Types of oral cancer affecting the mouth and what can a prosthodontist do to help?
Oral cancer accounts for roughly 3% of all cancers diagnosed annually in the United States. That is roughly about 53,000 new cases each year. Oral cancer most often occurs in people over the age of 40 and affects more than twice as many men as women. People older than 45 have an increased risk for oral cancer, although this type can develop in people of any age.
Factors that can lead to oral cancer
- Tobacco- either smoked or chewed
- Betel Quid
- Ultraviolet light- common among people working outside
- Poor nutrition
- Certain genetic syndromes
- HPV- human papillomavirus infection
- Lichen planus patients have a higher risk
Areas that can be affected
- Tongue- base, body, or sides anywhere
- The inner lining of cheeks
- The roof of mouth/palate
- Floor of mouth
- A lip or mouth sore that doesn’t heal
- Red or white patch inside the mouth that can’t be rubbed off
- Unexplained looseness in teeth or movement
- Abnormal growth of tissue or lump inside the mouth
- Pain and abnormal sensation in the jaw
- Difficulty in chewing and swallowing
- Pain in ear, throat, or adjoining structures
- Stop using tobacco products, or better, don’t even start
- Avoid excessive alcohol use or drink in moderation
- Prevent prolonged sun exposure or use protection against UV light
- Healthy balanced diet
- Avoid unprotected sex with multiple partners
- See your dentist regularly
Role of Prosthodontist
After diagnosing oral cancer, the Prosthodontist works with a multidisciplinary team of specialists for the complete rehabilitation of patients.
Prosthodontists begin with pre-radiation screening, identifying any teeth that could cause problems in the future, and extracting them. The next step would be to restore key teeth, which will support any denture, obturator, or maxillofacial prosthesis post-radiation and surgery.
Various types of prostheses made include:
- Radiation shield- worn during radiation therapy to protect normal tissue
- Fluoride carriers- trays for patients with dry mouth from radiation and medications to prevent caries and strengthen remaining teeth
- Surgical obturator – Covers roof of mouth after surgery to provide closure
- Interim and definitive obturator- restores teeth and gums and closes the palate to aid in swallowing, chewing, and speaking.
- There are many other types of prosthetics that can be made as needed, such as palatal lift prosthesis, palatal drop prosthesis, and mandibular resection prosthesis.
Prosthodontists will work with a team of anaplastologists and Oral and Maxillofacial surgeons to provide the foundation for various extraoral prostheses.

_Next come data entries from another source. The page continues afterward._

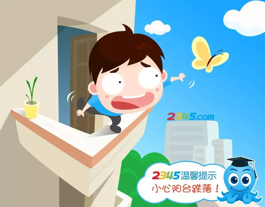 家里的窗户和阳台是用来保护我们安全的哦,千万不要随意爬到它们上面去,防止不小心摔落!
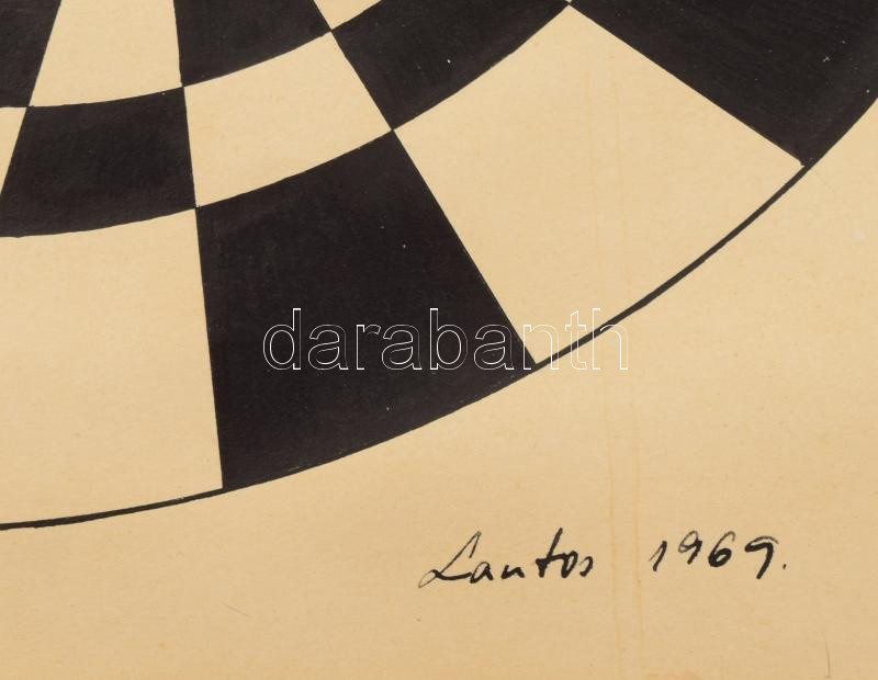 Lantos Ferenc (1929-2014): Op-art kompozíció, 1969. Tus, papír, jelezve jobbra lent, kissé foltos. Paszpartuban, 31x31 cm. / ink on paper, signed, slightly stained, in passepartout
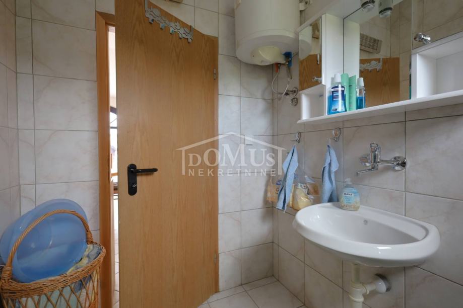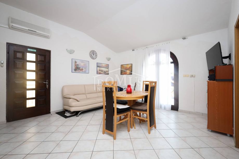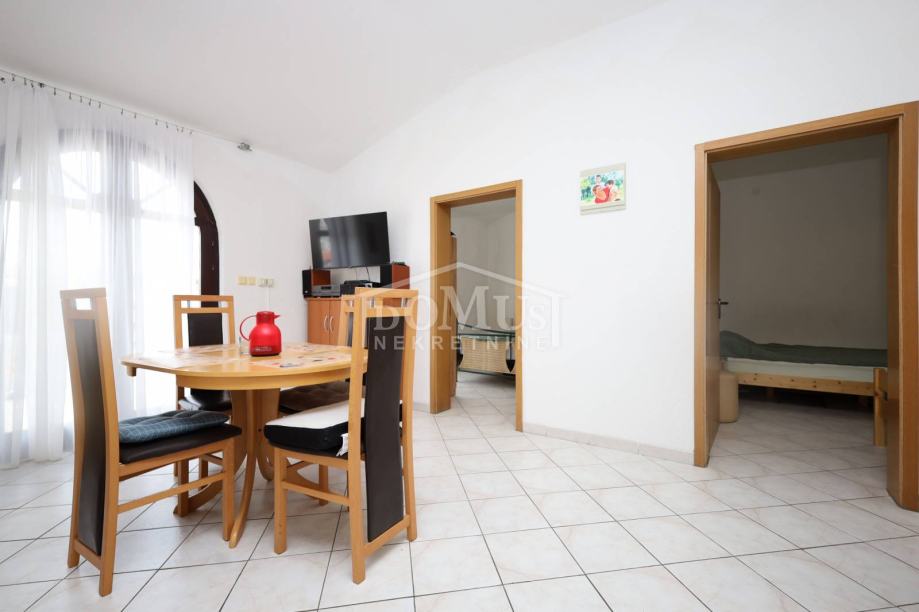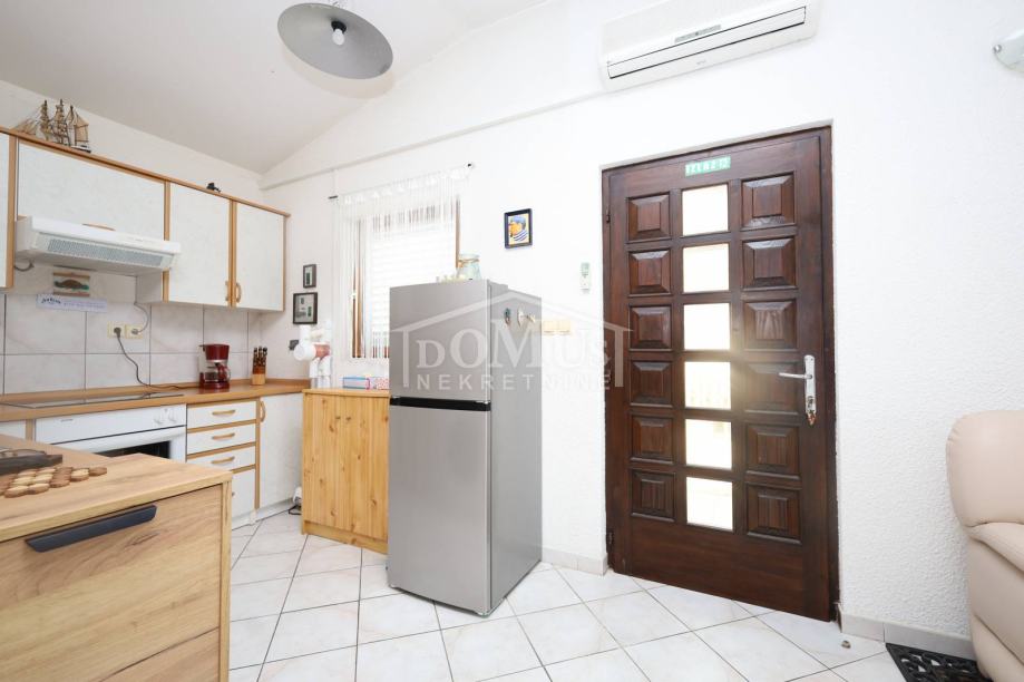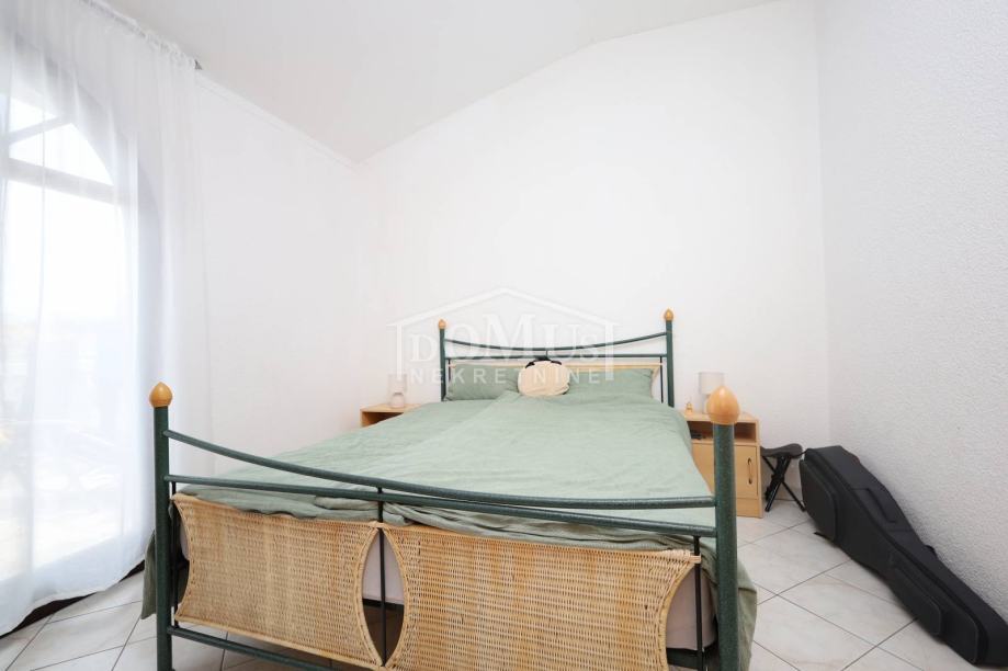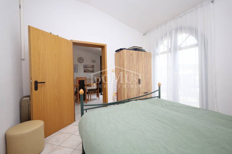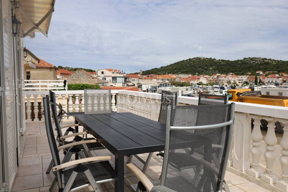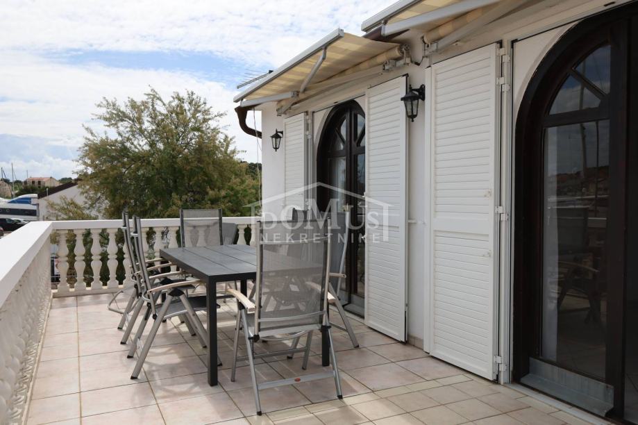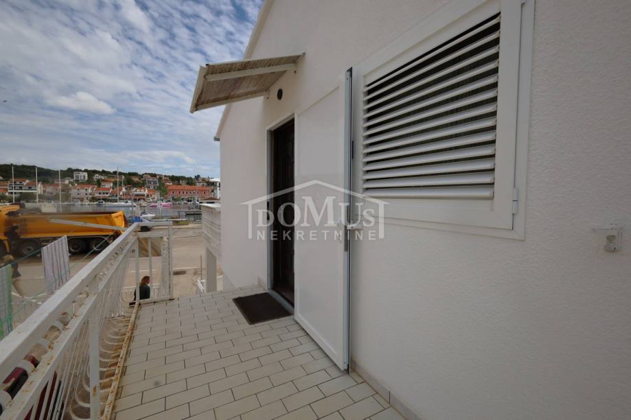 Jezera na otoku Murteru, u 1. redu do mora, u centru mjesta s pogledom na more i marinu. Etaža manje kuće / stan od 62,12 m² korisne površine nalazi se na prvom katu, s pripadajućim dvorištem. Stan se sastoji od vanjskog stubišta, podesta, otvorenog dnevnog boravka s kuhinjom i blagovaonicom, kupaonice, dvije spavaće sobe te terase površine 22,50 m² s koje se pruža neometan pogled na more, marinu i cijelo mjesto. Stanu pripada dio okućnice od 39 m², koji je dostatan za dva vozila. Stan je odmah useljiv, u potpunosti namješten, a namještaj je uključen u cijenu nekretnine.

These include but are not limited to ocular prosthesis, orbital prosthesis, auricular prosthesis, nasal prosthesis, etc.
Often these prostheses are combined with high-quality dental care to restore form, function, esthetics, and quality of life to the patient. A Prosthodontist will educate patients with counseling (what to expect), actual therapy needed for teeth and fabrication of prosthesis, dietary guidance, and oral hygiene/yearly maintenance after completion.